Greg Chappell, mantan pelatih India yang pandai berbicara, pernah mengatakan kepada penulis ini bahwa jika para pemangku kepentingan sendiri tidak menghormati permainan ini, mustahil mengharapkan para penggemar akan diberi energi oleh Test kriket. “Ketika permainan itu sendiri merendahkan bentuk permainan yang paling lama, dapat dimengerti bahwa masyarakat mungkin tidak terlalu terstimulasi olehnya, yang sangat disayangkan karena menurut saya bentuk permainan yang paling hebat adalah yang berbentuk panjang,” katanya. “Kami membiarkan permainan ini ditampilkan dengan buruk, dan tidak mengherankan bagi saya bahwa kami mungkin memiliki generasi orang yang tidak pernah benar-benar memahami apa daya tarik Test Cricket.”

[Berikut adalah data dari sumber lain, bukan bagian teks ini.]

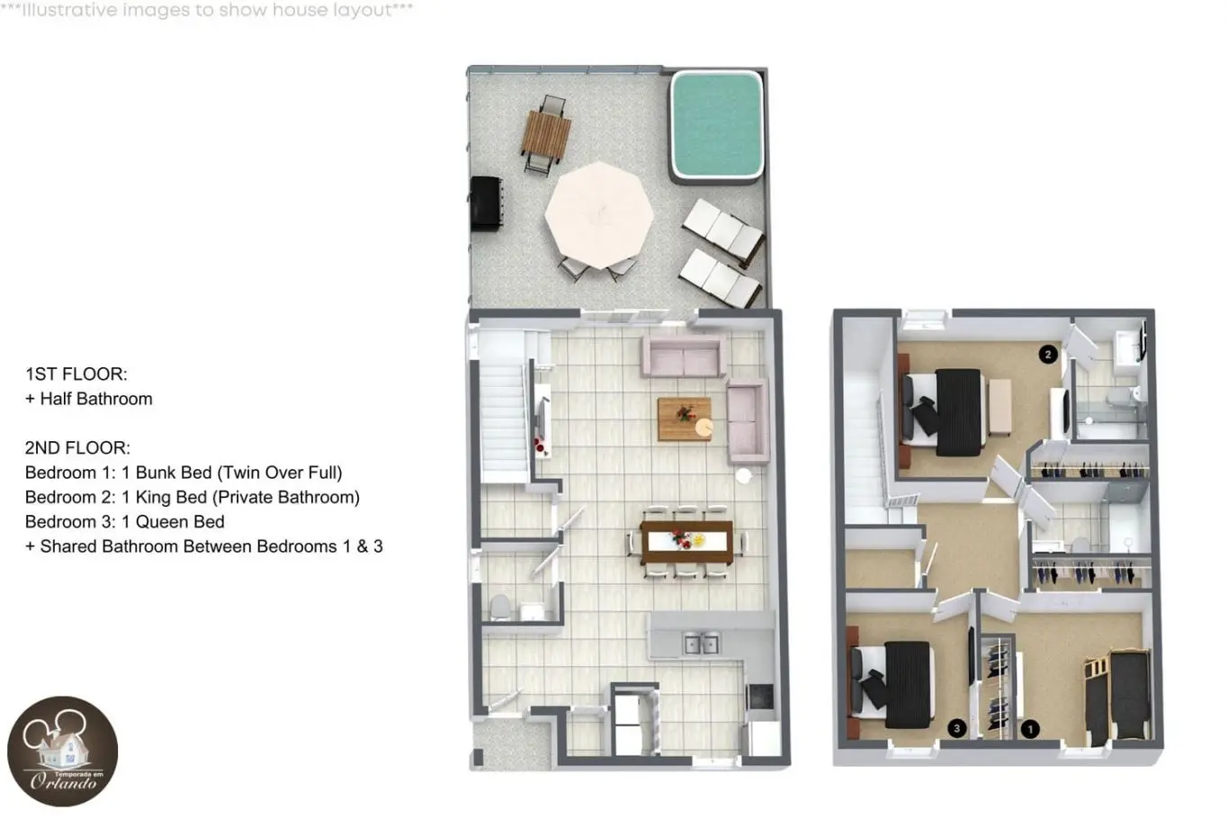Esta casa para temporada em Orlando é perfeita para quem deseja conforto, praticidade e uma jacuzzi exclusiva para relaxar após os parques. Localizada no Encantada Resort, a poucos minutos da Disney, a casa oferece uma estadia completa para famílias e grupos de até sete pessoas.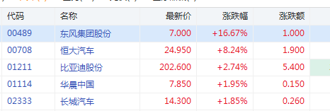 其他车企方面,东风集团大涨16%,比亚迪股份涨超2%、华晨中国、长城汽车涨超1%。
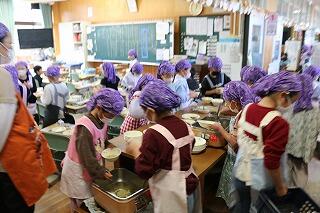 2学期から給食当番を自分たちだけで行うようになった1年生ですが、その準備の様子に目を見張りました。

Chappell lebih mengacu pada ‘550 Anda bermain dengan 600 saya’, yang sudah lama terjadi di benua ini ketika menang tidak sepenting tidak kalah. Itu terjadi sebelum era WTC; sekarang tanggung jawabnya ada pada hasil dan oleh karena itu lapangan yang ‘diperbaiki’ dirancang untuk memaksimalkan manfaat bermain di halaman belakang rumah, meskipun kita telah melihat, terutama di India dalam 14 bulan terakhir, betapa spektakulernya rencana yang telah disusun dengan baik dapat terurai.

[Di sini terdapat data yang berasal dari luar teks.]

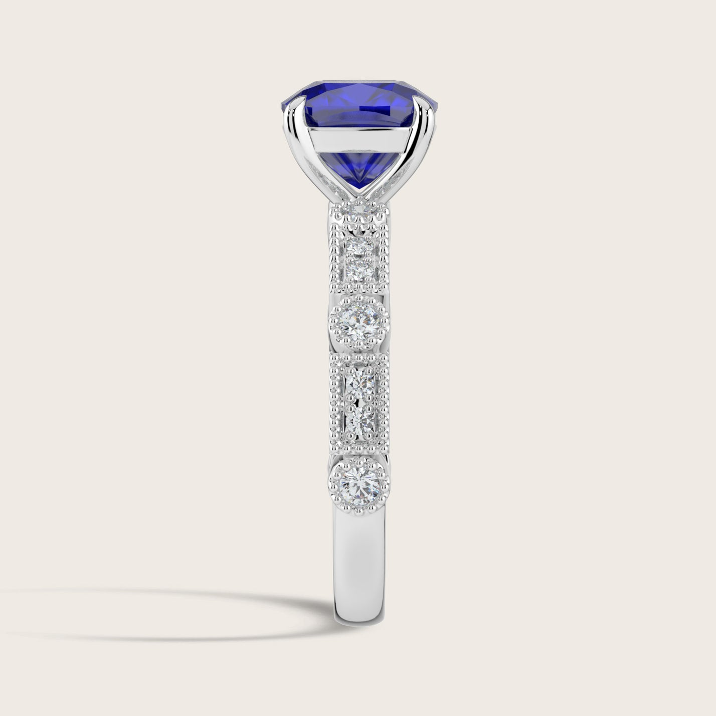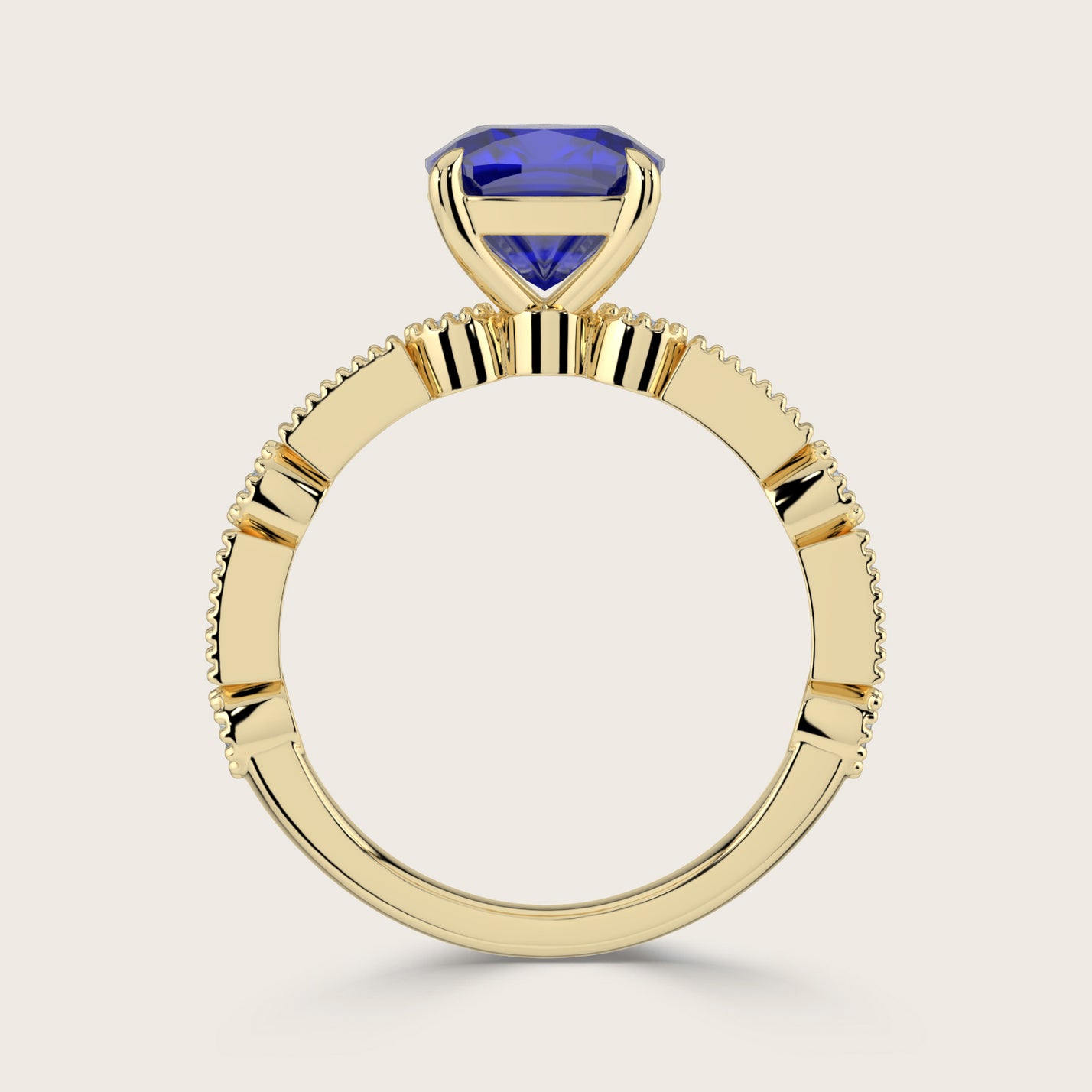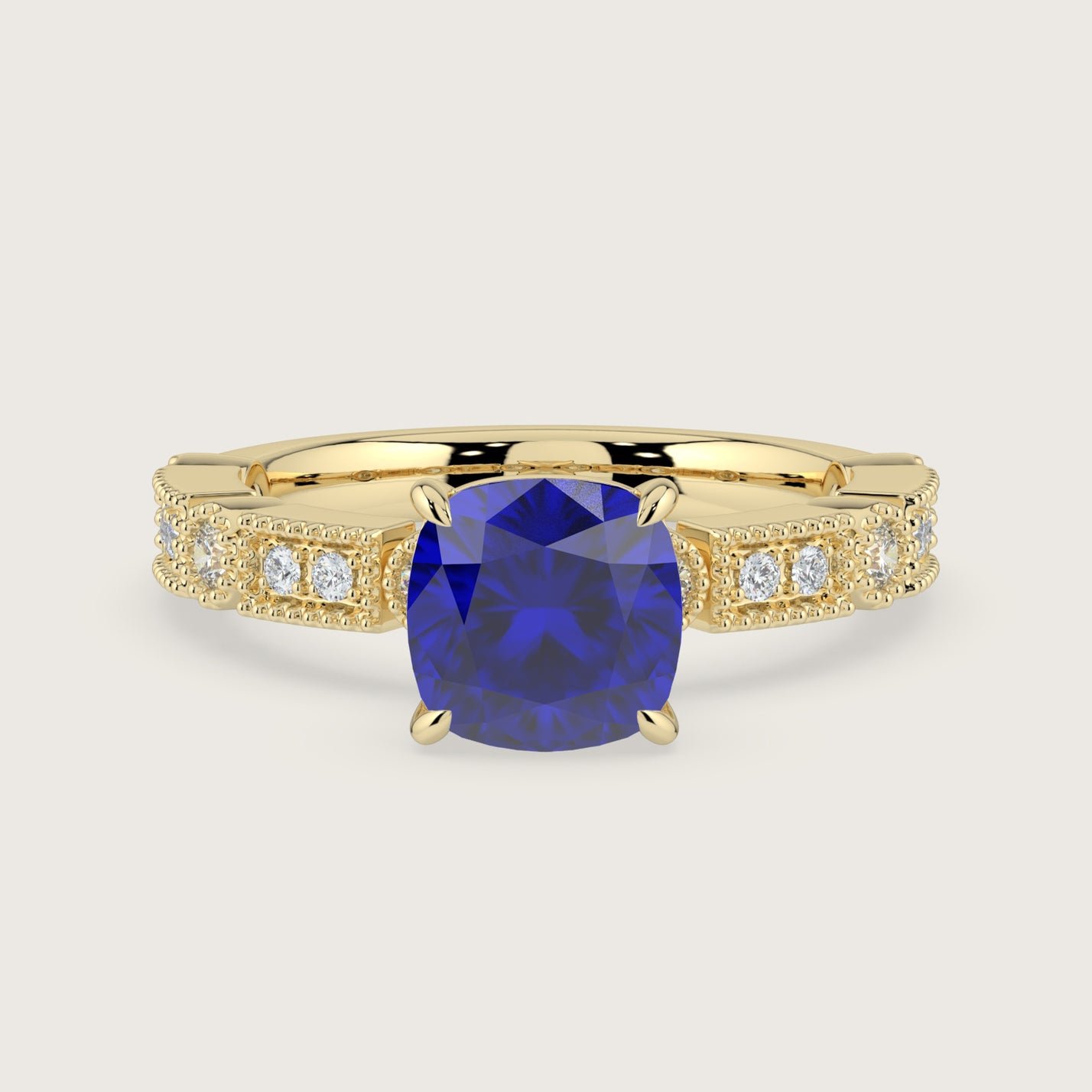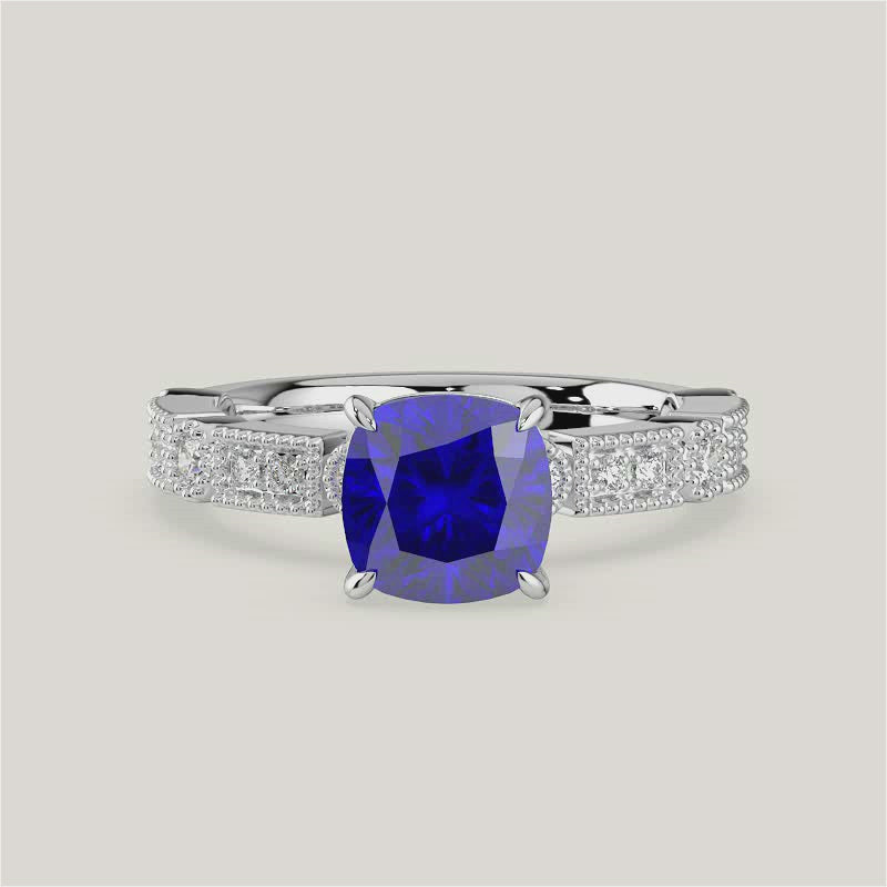 Aurelia, Vintage Milgrain Cushion Cut Sapphire Ring

Stokes telah menyalakan api dengan berbicara tentang ‘tempat lain di dunia’ selama penghapusan permukaan MCG. Di satu sisi, dia menggemakan pemikiran Rohit Sharma pada Januari 2024, ketika kapten Tes India saat itu mengecam trek Newlands di Cape Town setelah trek tersebut menjadi tempat pertandingan dua hari lainnya. Menariknya, seperti Stokes, Rohit juga berada di pihak yang menang di permukaan yang sangat buruk di mana peluang untuk berhasil dengan tongkat pemukul lebih kecil dibandingkan dengan memenangkan lotre. Setelah Mohammed Siraj membantu Afrika Selatan mencetak angka 55 pada pagi pertama dan India menyelesaikan tujuh gawang pada sore kedua, Rohit melepaskan diri: “Kami melihat apa yang terjadi dalam pertandingan ini, bagaimana lapangannya dimainkan. Sejujurnya saya tidak keberatan bermain di lapangan seperti ini. Selama semua orang di India tutup mulut dan tidak berbicara terlalu banyak tentang lapangan India.”

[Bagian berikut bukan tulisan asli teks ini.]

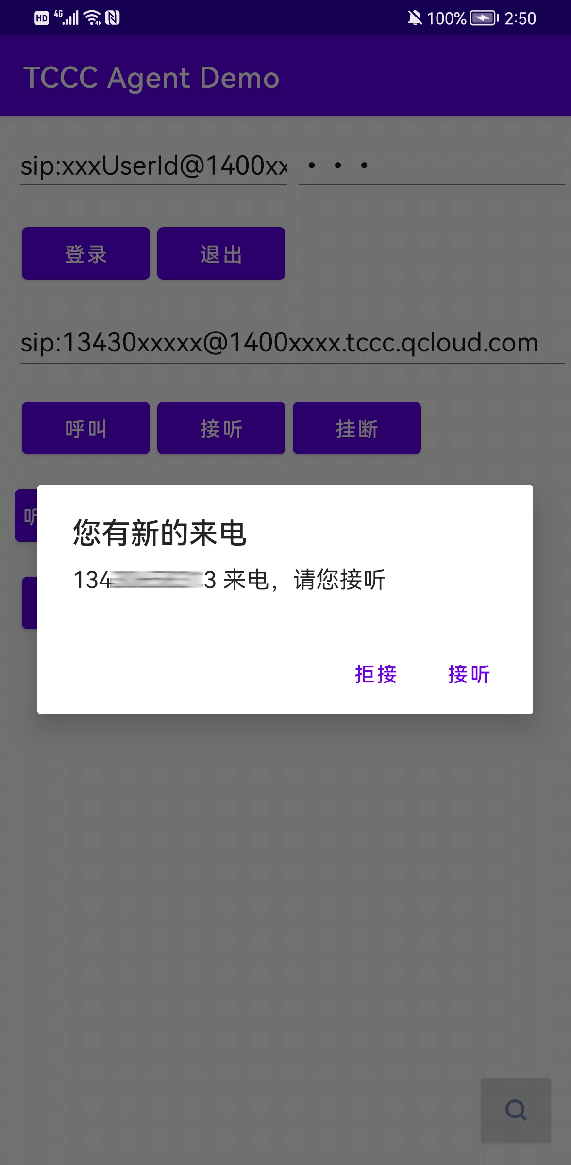 2. 登录成功后输入需要拨打的手机号即可完成拨打功能。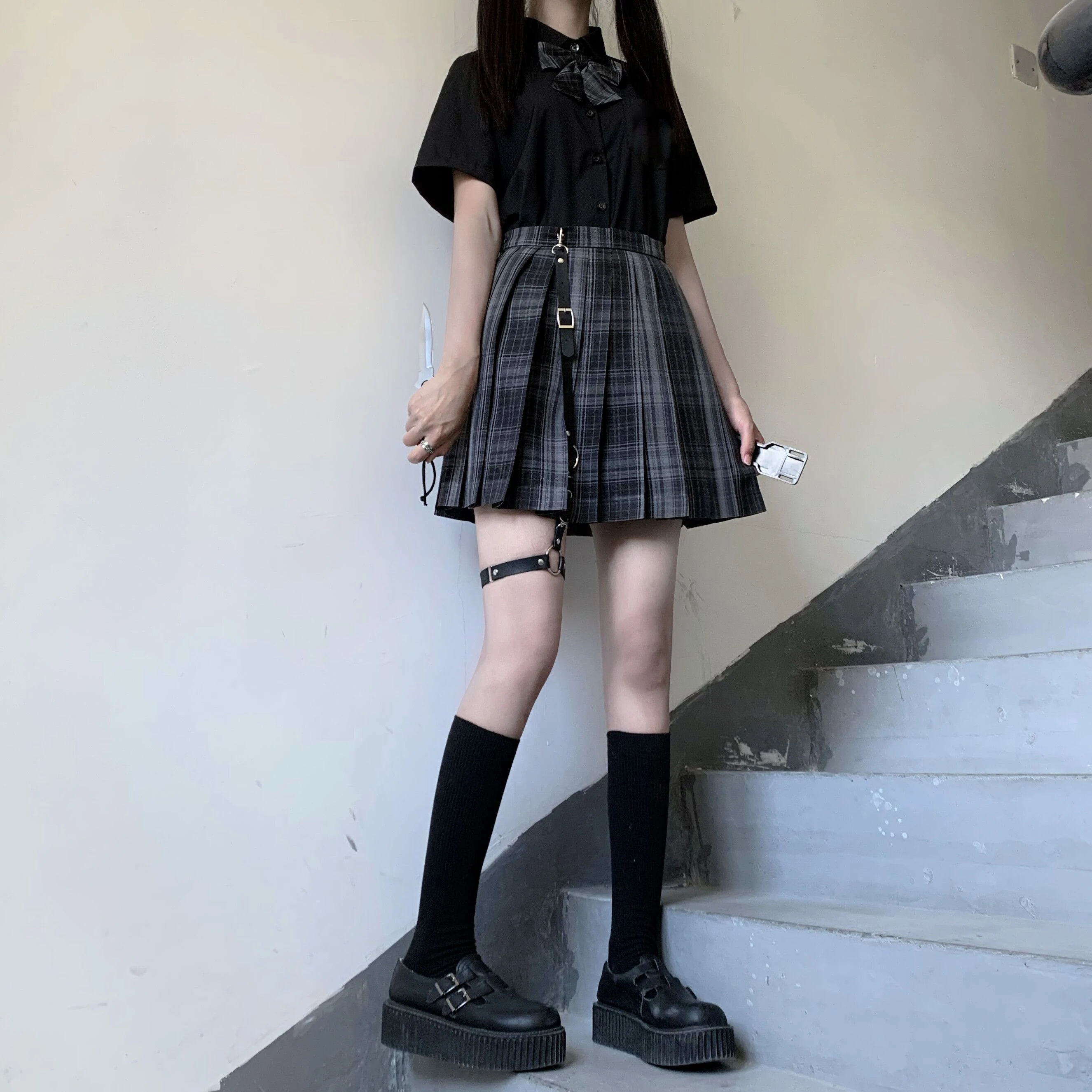 Юбка для девочек, с длиннымкоротким рукавом, в клетку, с высокой талией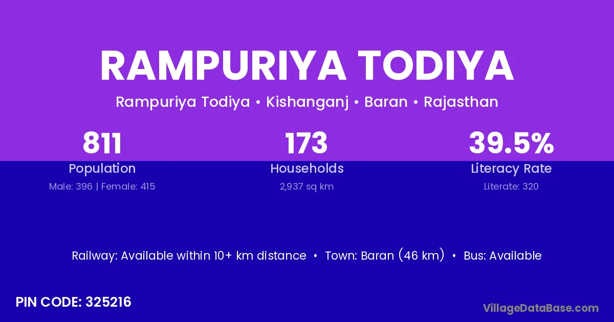 Baran (46 km) is the nearest town to Rampuriya Todiya village for major economic activities and is located approximately 46 km away.

Poin yang diambil, Rohit, meskipun pada akhirnya, ini bukan tentang di mana lapangan berada di bawah standar, atau aspek-aspek olahraga mana yang dikesampingkan. Uji kriket berhutang budi kepada para pemangku kepentingan yang paling bersemangat, para penggemar yang tidak dikenal, rasa hormat dan terima kasih. Pertandingan dua hari bukanlah cara untuk menunjukkan hal itu.